WA/WB is a good example of this. WA/WB plans are designed to maximize your earn (minimize your loss) across both cases. It doesn't matter, really, which case is currently true, because you can't know and therefore don't care.

Plans also need to be flexible and adapt to new information as it comes in.

An example of inflexible thinking is when you see people complain about someone calling the turn and folding the river. The argument goes: Either you are ahead on the turn (and should therefore call the river) or you are drawing (and don't have sufficient odds) therefore it's a mistake. The counter-argument goes: Some percentage of the time I'm ahead on the turn and some sub-percentage of those times my opponent won't bet the river. When he bets the river, that's new information that increases the likelihood that I'm behind and I can fold correctly.

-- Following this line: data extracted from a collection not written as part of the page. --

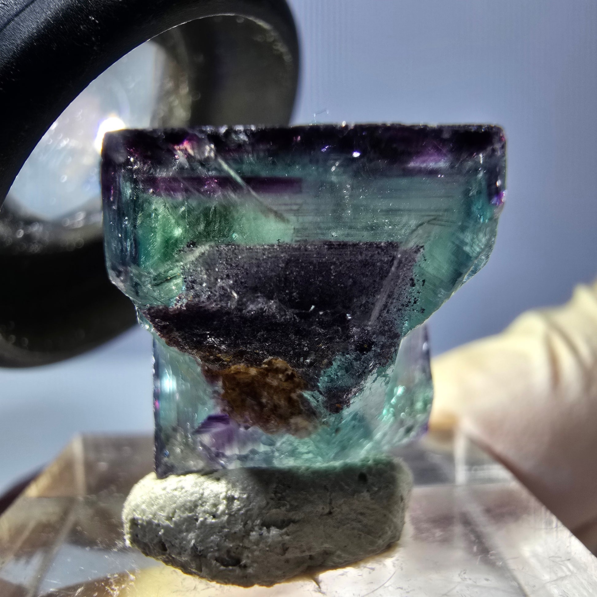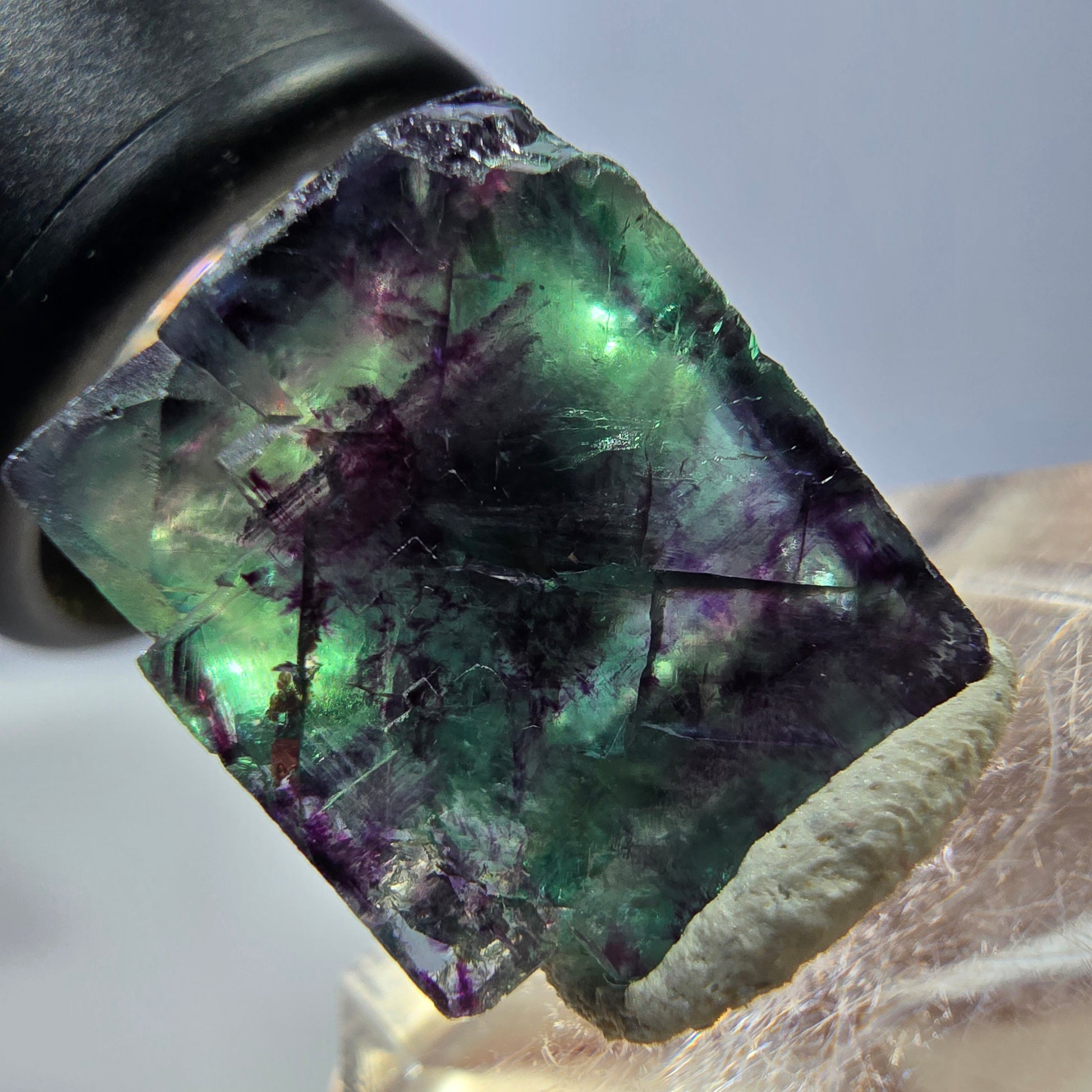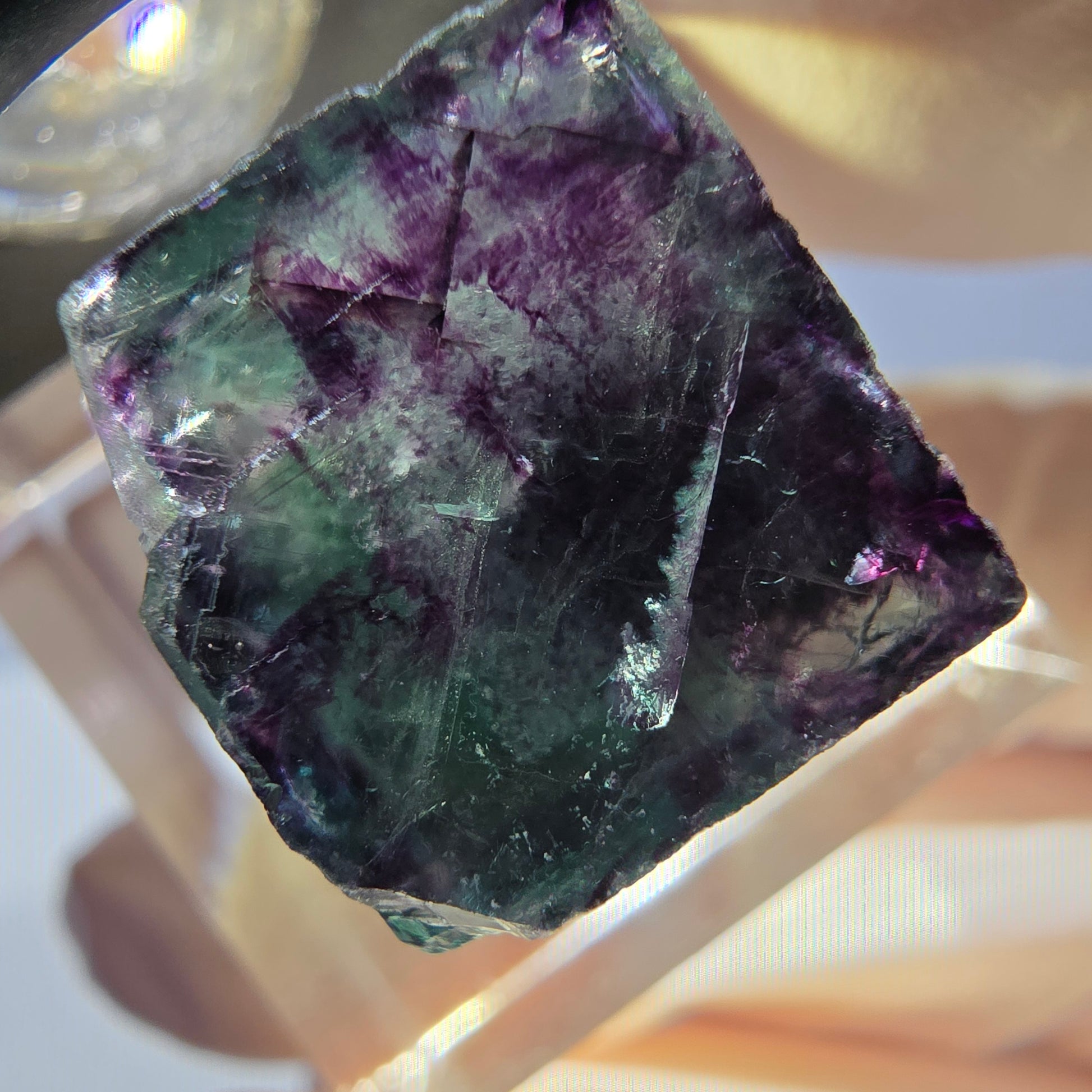 Entdecken Sie unseren einzigartigen Phantom Fluorit Würfel, ein atemberaubendes Naturprodukt, das mit seiner kubischen Form und der parkettierten Oberfläche besticht. Hergestellt aus klarem, grün-lila transparentem Fluorit, zieht dieser Kristall durch die schönen Phantome im Inneren alle Blicke auf sich.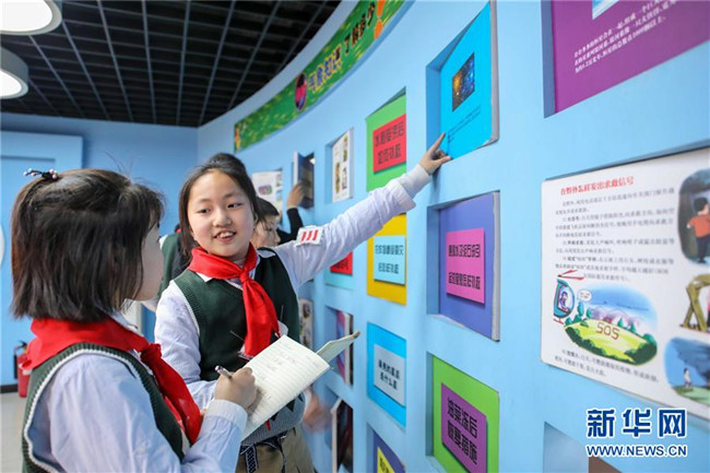 當(dāng)日,安徽省合肥市合作化南路社區(qū)組織第六十七中學(xué)小學(xué)部學(xué)生來(lái)到市氣象科普館,學(xué)習(xí)氣象科普知識(shí),迎接3月23日世界氣象日的到來(lái)。 新華社記者 曹力 攝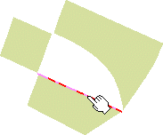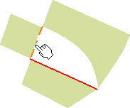You can also fill the space between two intersecting curves, or surfaces, forming an open angle. To do this, simply select these curves or surface boundaries, then click Apply in the Fill dialog box. The system automatically creates temporary curves matching the selected ones to close a contour before filling it. |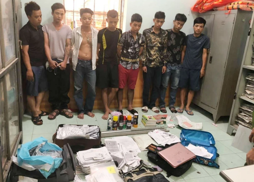 Kiểm tra trong nhà Út, lực lượng công an thu giữ thùng đựng tờ rơi ghi số điện thoại cho vay tiền, hàng trăm hợp đồng cho vay nợ, trên 400 chứng minh nhân dân, hộ khẩu của người dân thế chấp vay nợ cùng nhiều típ sắt, bình xịt hơi cay, bình xịt sơn, 7 xe máy và 1 ô tô.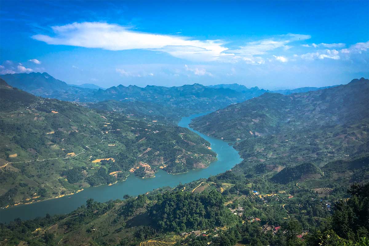 A view from high up over the mountains and deep down the Chay River in Bac Ha District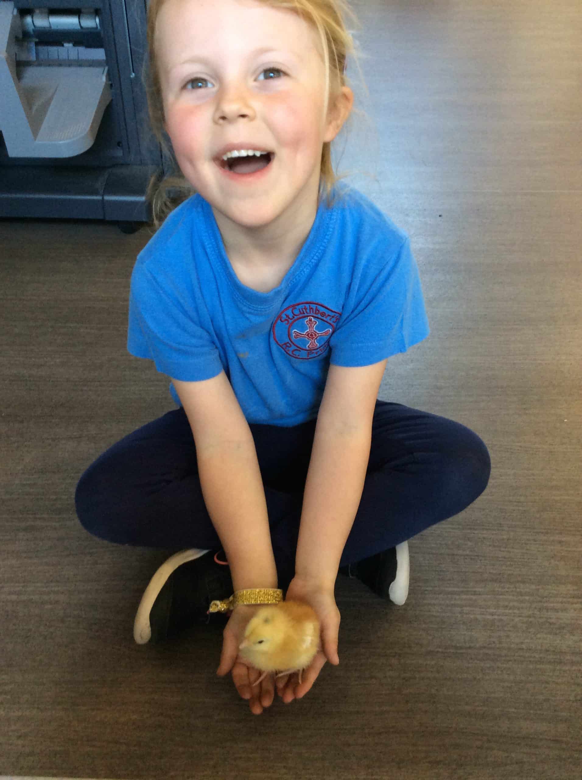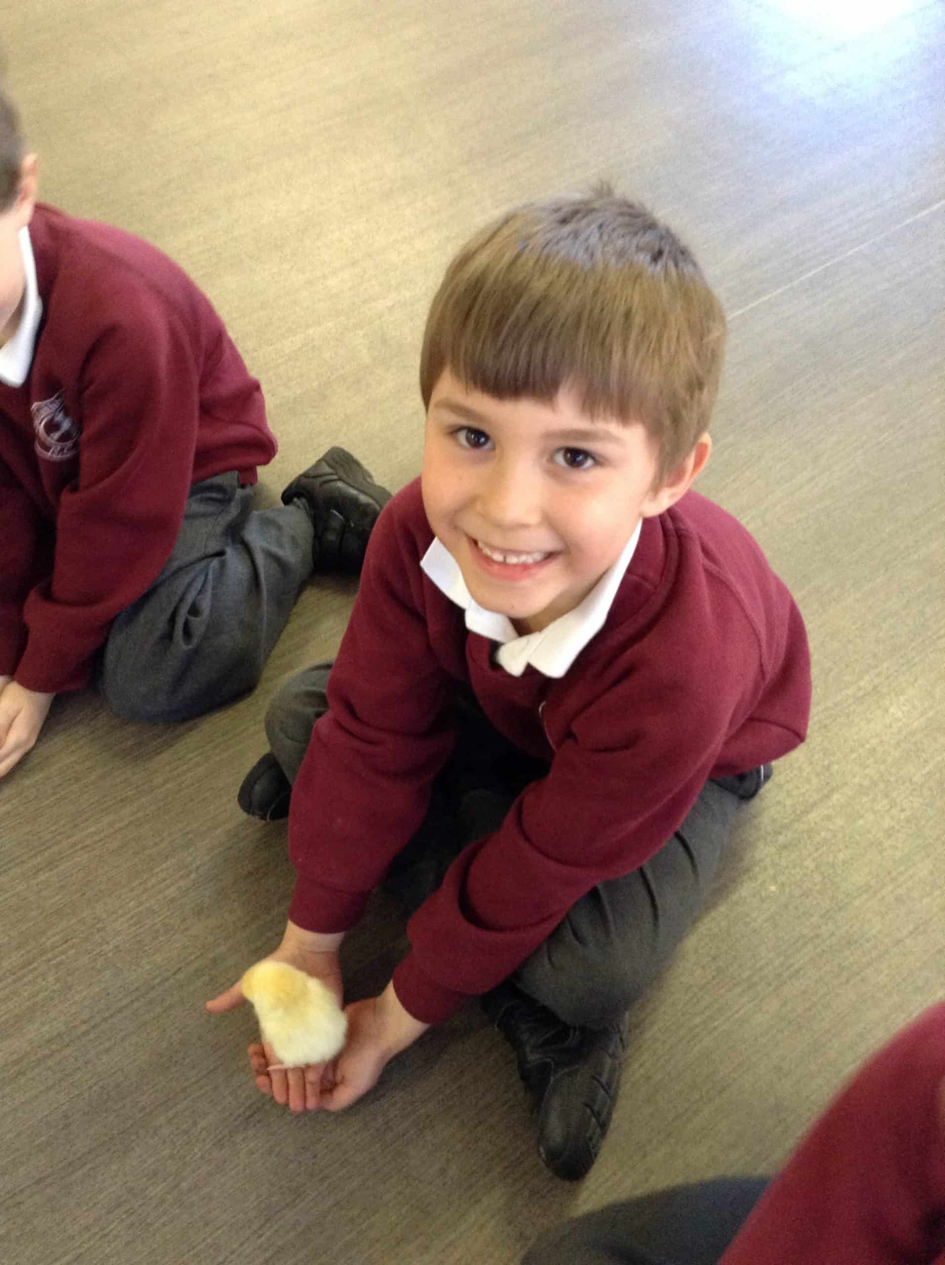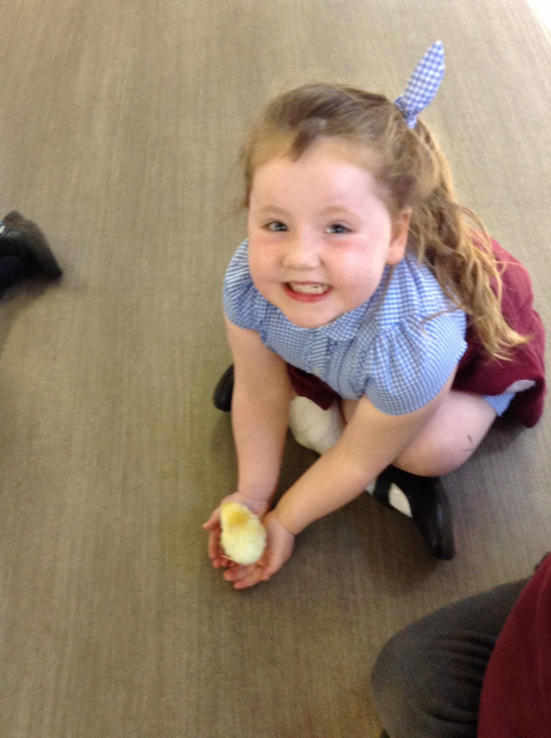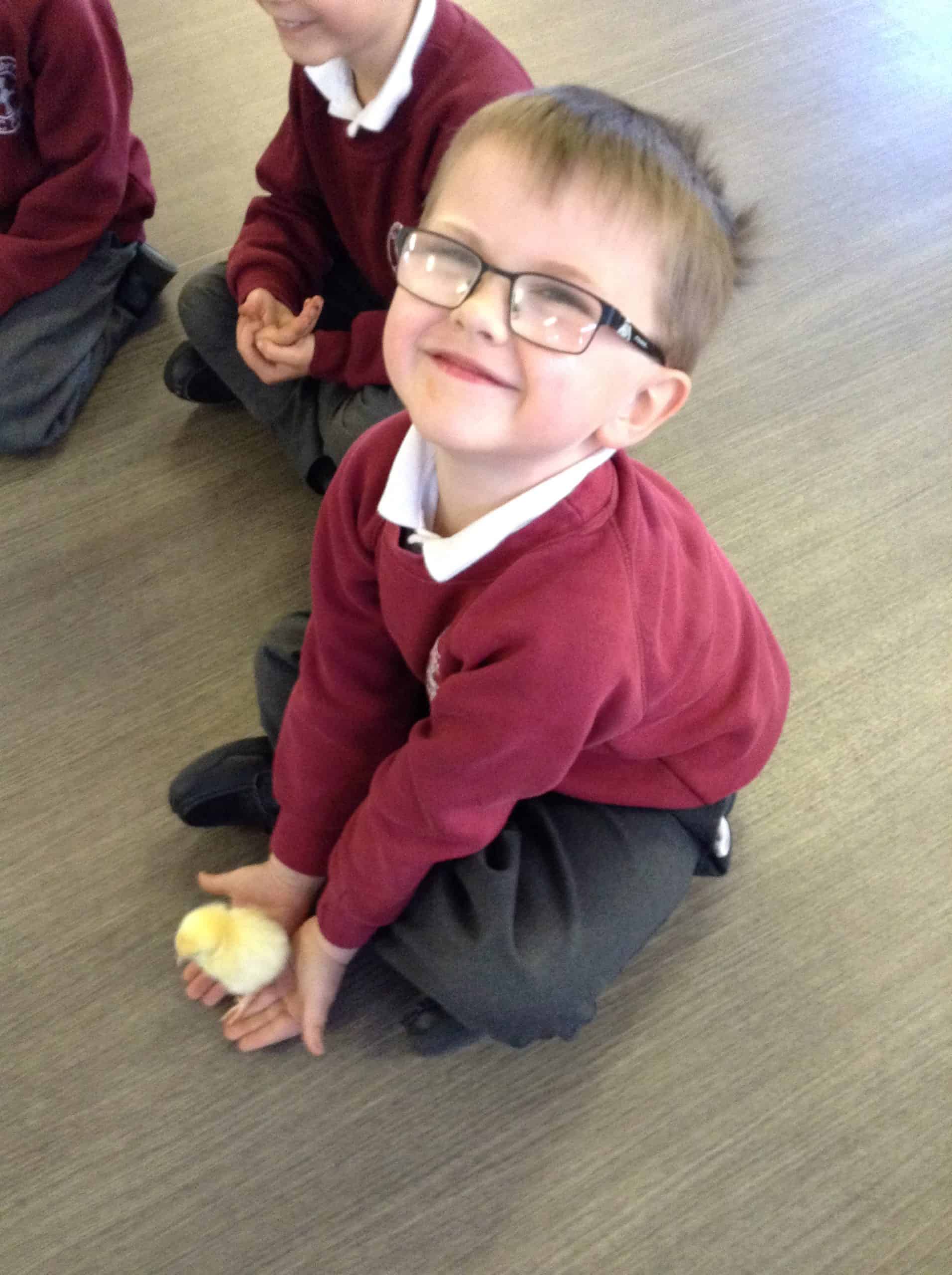 Reception Class were really excited when the eggs arrived in school on Monday. They couldn't wait to finally meet the chicks that hatched out over the week.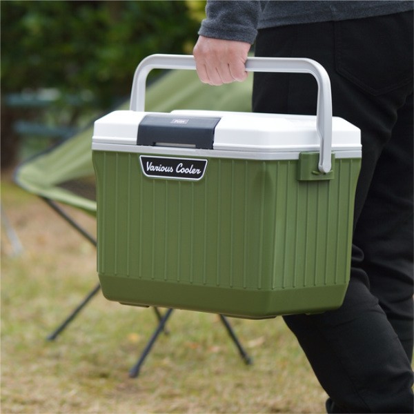 ちょっとしたお出かけに便利な、最大容量9Lサイズのクーラーボックスです。収納目安として、350ml缶の場合16本、500mlペットボトルの場合8本入ります。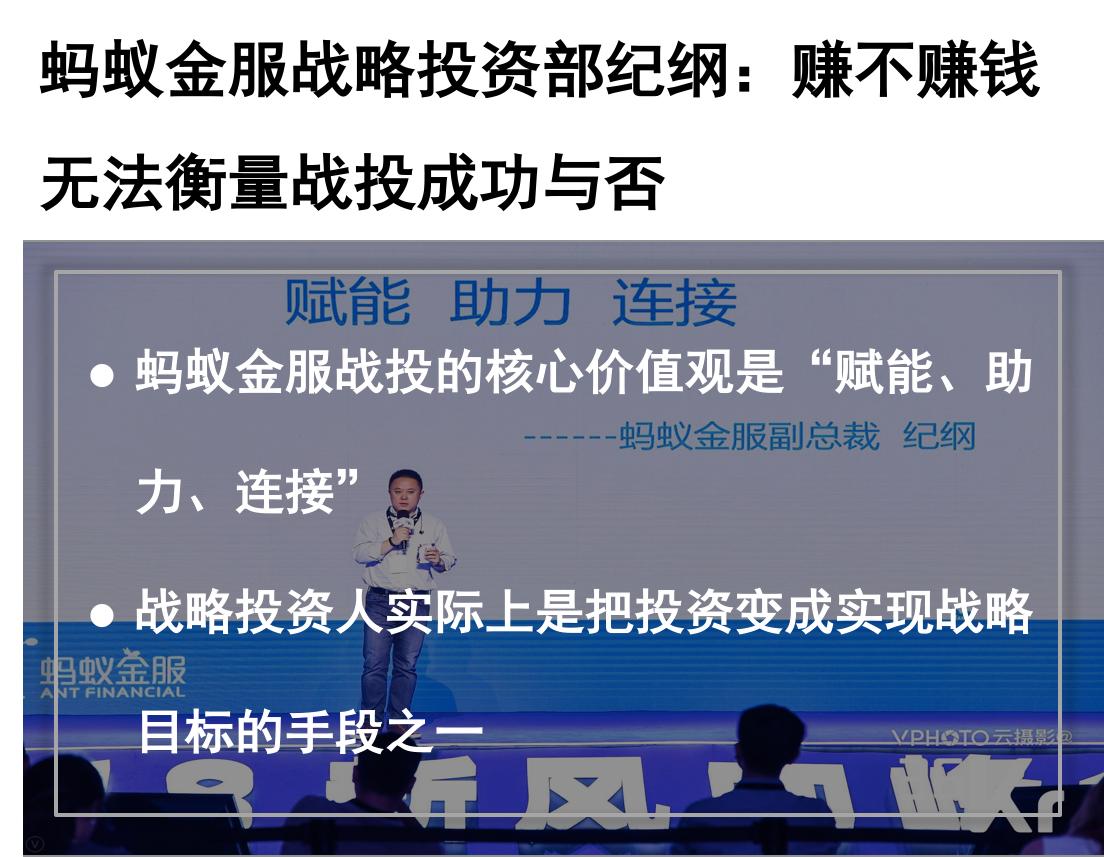 创投 24 小时 | 蚂蚁金服战略投资部:赚不赚钱无法衡量战投成功与否

For me one of the coolest things about poker thinking is where it diverges from normal thinking. One example is the ability to disengage your actions from the immediate reward/punishment effects that usually govern our behavior. And another example is what we're talking about here - the ability to see situations as a cloud of simultaneous possible states instead of a concrete, either/or set of facts.

/mc

chief444 10-05-2005 04:18 PM

Re: Was Villain Right?
 
I agree with most of what you're saying. However, in this case you really can NOT use both arguments of "may get a free card" and "may push him off a better hand" to justify the flop raise. You're not pushing him off a better hand by putting in zero turn bets. You're not getting a free card by putting in more than zero turn bets. It's one or the other.

I do agree on the point about turn calls/river folds. The difference though between that and this is that the opponent does something other than check/call there.

That being said, I think the turn could go either way if the opponent here just called the flop raise and checked the turn. I'd personally take the free card mainly because I don't think AK/AQ folds on a fairly non-threatening board. But I can certainly see the argument for betting.

Monty Cantsin 10-05-2005 04:32 PM

Re: Was Villain Right?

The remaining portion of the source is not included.